Les sign spiners sont toujours vêtus d'un t-shirt rouge.

Vidéo: Les sign spiners à l'oeuvre

(m24/l'écho) - Les hommes-sandwichs ne sont plus ce qu'ils étaient : aux Etats-Unis, les hommes-sandwichs sont dorénavant des athlètes qui font voltiger les affiches avec adresse pour attirer l'attention du chaland.

Nicholas Thomson, 20 ans, est devenu « voltigeur d'affiches » (« sign spinner ») depuis qu'il a été embauché il y a un an par la société publicitaire Aarrow Advertising qui essaime ses escadrilles de voltigeurs dans tout le pays pour faire de la publicité de proximité.

 

6,40 euros/heure pour jongler

Avec ses compères, tous vêtus d'un T-shirt rouge, ils font tournoyer de façon spectaculaire des pancartes en forme de grosse flèche vantant un nouveau complexe immobilier au centre de la capitale. « C'est bien payé : 10 dollars de l'heure (6,40 euros) et 10 cents de plus pour chaque passe supplémentaire », explique cet étudiant chargé d'entraîner les nouveaux venus dans l'équipe.

Parmi les passes qui sont des phases de jonglerie élaborée, il montre « le flip simple », un exercice facile où on retourne la pancarte comme une crêpe, « l'hélicoptère » ou « le tour du monde », beaucoup plus savants, où l'affiche virevolte tout autour du jongleur.

« Pour faire ce job, il faut être quelqu'un d'énergique, qui aime se faire remarquer et qui se considère comme un athlète », explique Thomas Brunet, un des dirigeants d'Aarrow Advertising. « Parce que vous êtes dehors cinq à sept heures d'affilée à faire tout le temps de l'exercice. Certaines passes sont difficiles à réaliser. Tout le monde ne peut pas le faire », avance-t-il.

 

Success story

Fondée en Californie en 2002 par un ancien étudiant qui s'ennuyait à faire l'homme-sandwich, la société emploie maintenant 700 voltigeurs dans tout le pays pour faire, aux feux rouges, la publicité de magasins, de restaurants ou d'immeubles à louer. Son chiffre d'affaires devrait atteindre entre 5 et 7 millions de dollars (entre 3,2 et 4,6 millions d'euros) cette année. « Ca fait un petit changement depuis que nous avons commencé », commente, satisfait, Thomas Brunet.

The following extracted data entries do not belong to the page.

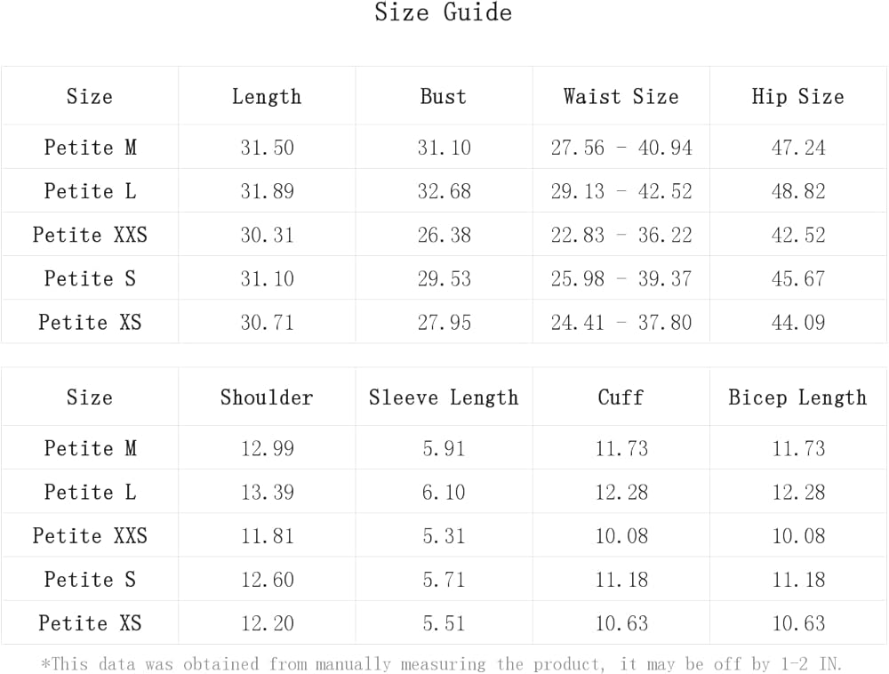 Petite XS:Bicep Length:10.6IN,Bust:28.0IN,Cuff:10.6IN,Hip Size:44.1IN,Length:30.7IN,Shoulder:12.2IN,Sleeve Length:5.5IN,Waist Size:24.4-37.8IN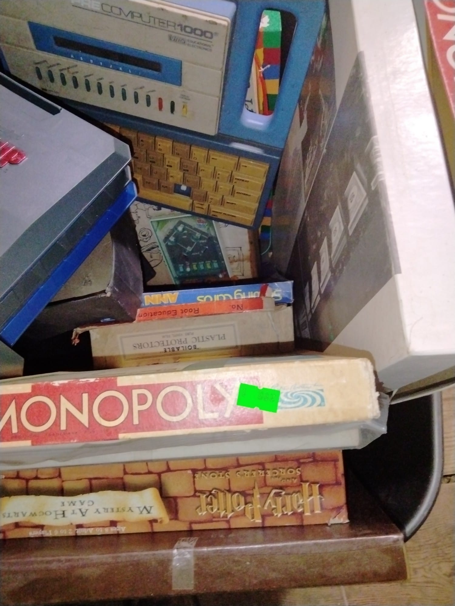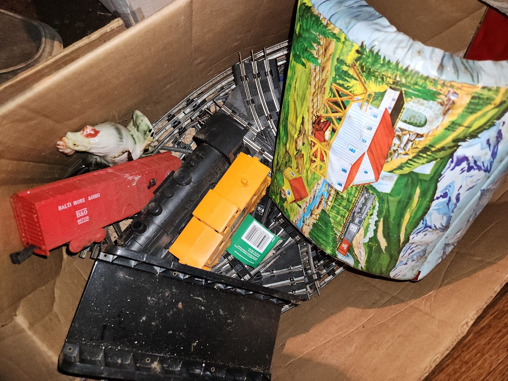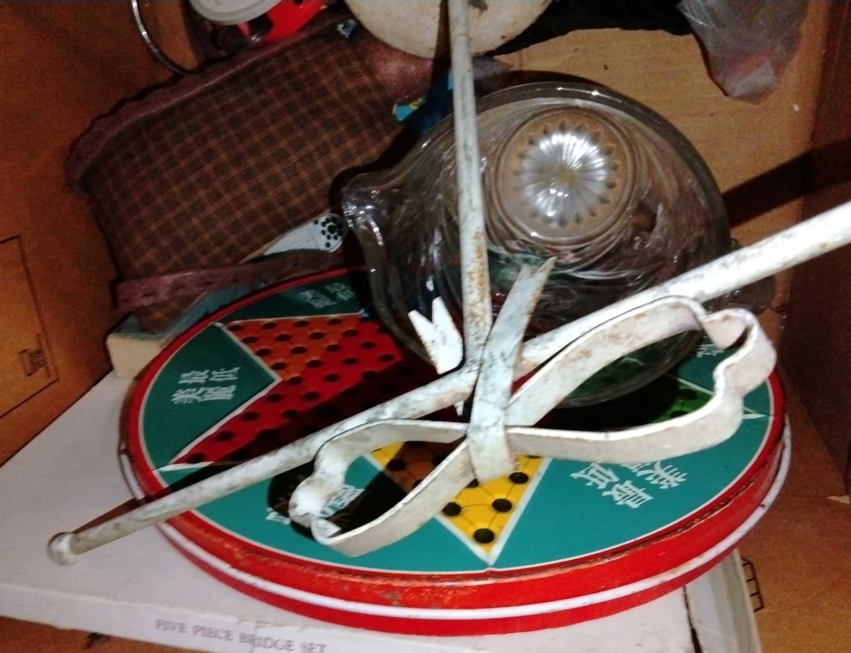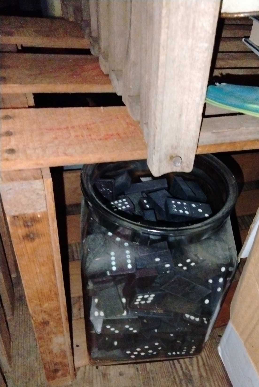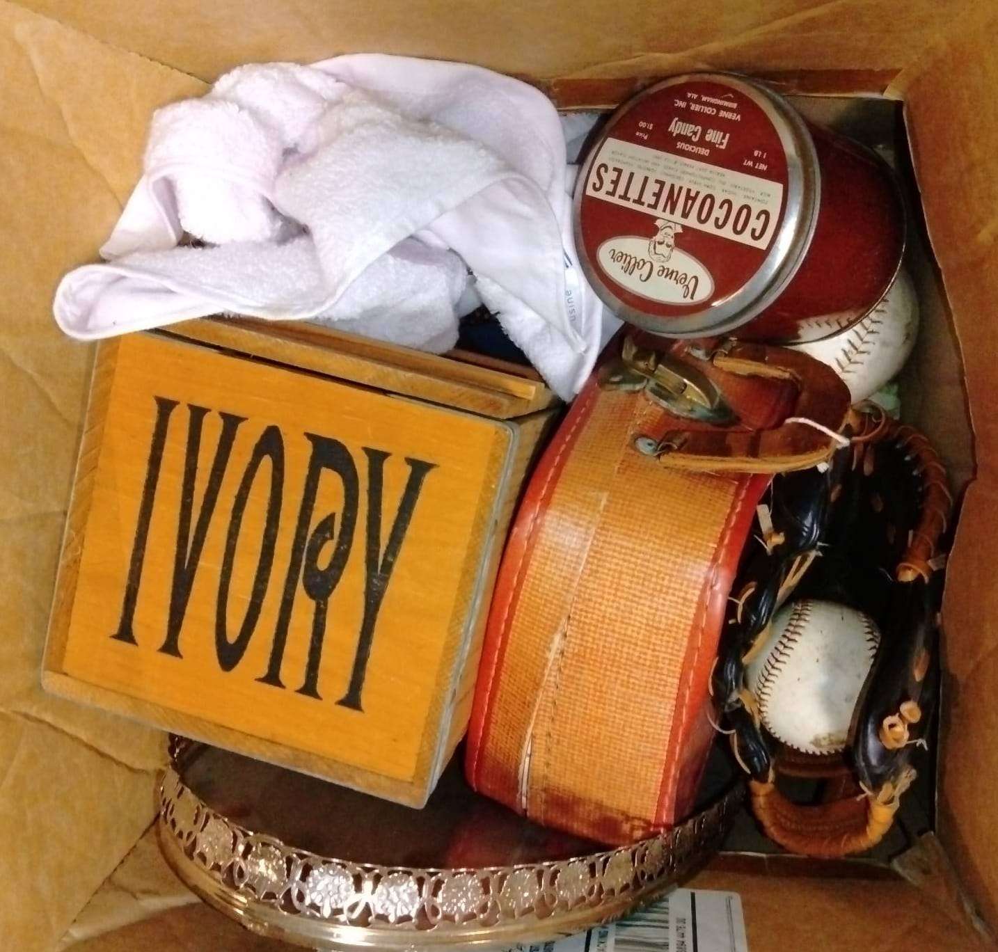 204 Wood crates, metal bread box, dominoes, books, cardboard barrel, metal lights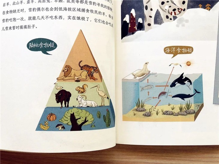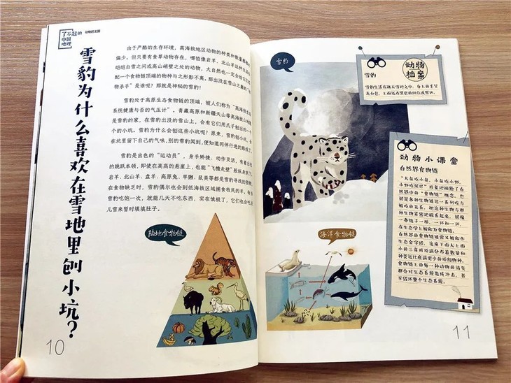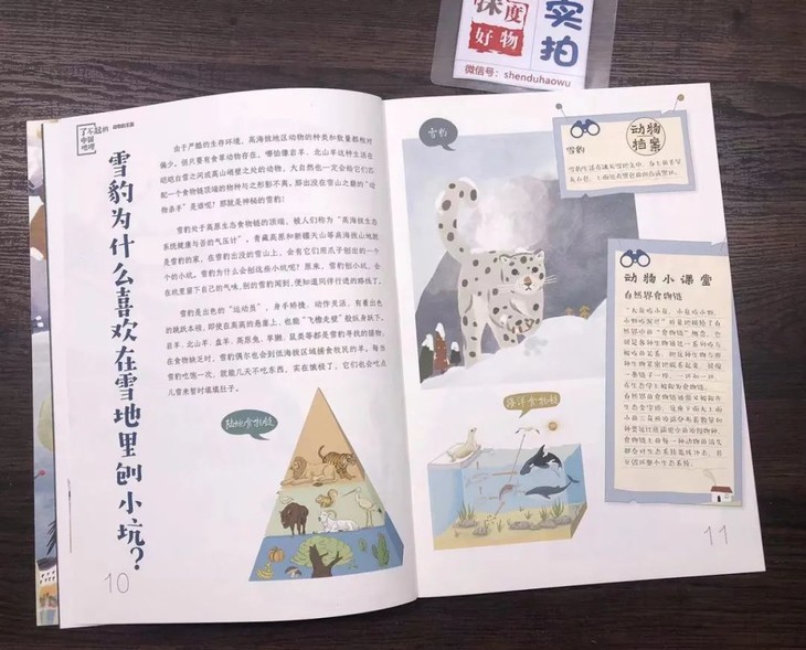 比如《动物的王国》中,“雪豹为什么喜欢在雪地里刨小坑?”看完书中的介绍,孩子会恍然大悟,原来,这可不是贪玩那么简单。🔻

Sa société édite même, pour ses clients, un catalogue de 200 passes à choisir pour vanter sa marque et prévoit même de franchiser son savoir-faire. L'entreprise, présente dans sept grandes villes américaines, dont Los Angeles, New York et Washington, emploie d'abord des étudiants et des lycéens. « On les paye mieux qu'un simple homme-sandwich parce qu'on demande de la technique », ajoute-t-il.

 

Un camp d'entraînement d'une semaine

N'est pas voltigeur d'affiches qui veut. Pour intégrer l'équipe et apprendre la technique, l'aspirant doit passer par « un camp d'entraînement » d'une semaine, où on lui enseigne les tours de jonglerie à raison de six heures par jour. « On traite cela comme un sport. Les gars pratiquent tous les jours avec des entraîneurs, des sifflets », commente Thomas Brunet.

Le numéro classique consiste à faire tournoyer la pancarte à bout de bras et tout autour de soi avant de faire une pause, un genou à terre en simulant un solo de guitare, pour laisser le temps aux promeneurs et aux automobilistes de lire l'affiche. « Ainsi, on accroît la fréquentation des magasins et on renforce la reconnaissance des marques », dit le patron.